第6巻【近世・近代・現代編】- 第6章:くらし
川島の今昔[権田重良]
権田重良
鬼神様の戦前・戦中の繁栄の様子は昔を知る人の語り草となっているが、そのにぎわいがいつの時代からなのかは定かではない。今に伝わる川島の各家の屋号は、神社参拝に訪れる人々を相手の商売や、農家のかたわらしていた職業を示していると思われる。
昔よりこの地は上(かみ)、下(しも)の川島で呼ばれ、鬼鎮神社西側、志賀新田境までを上組(かみぐみ)、鬼鎮神社の東側、月輪境までを下組(しもぐみ)とよんでいた。

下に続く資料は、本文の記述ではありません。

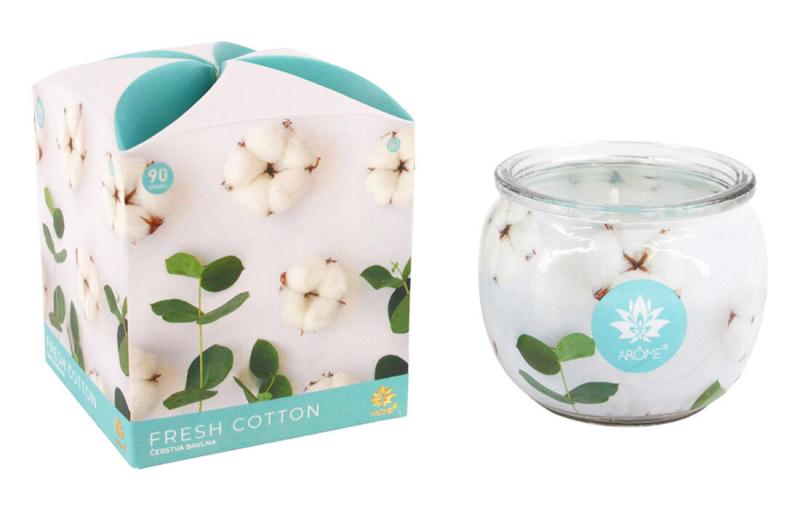 Arome Svíčka vonná sklo ČERSTVÁ BAVLNA 90g (hoří 22hod)
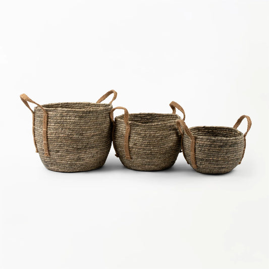 Natural Grass Basket with Woven Grass Handle |REVOLOGY

上組の戦前は西側より、綿屋(わたや)【権田栄。綿打】、塗師屋・絵馬屋【田幡勇。鬼鎮神社絵馬師】、こまもん【権田本之。小間物商】、新聞屋【権田宗一】、籠屋(かごや)【権田。昭和初期他所へ移転】、新井屋(あらいや)【権田良一。穀屋】と六軒ならんでいる。薬師様北側の市野川沿いに下(した)の屋敷【古屋敷(ふるやしき)】の場所がある。その昔、権田宇多之守(うたのかみ)と呼ぶ刀鍛冶の屋敷があったと言い伝えがあり、昔話が残っている。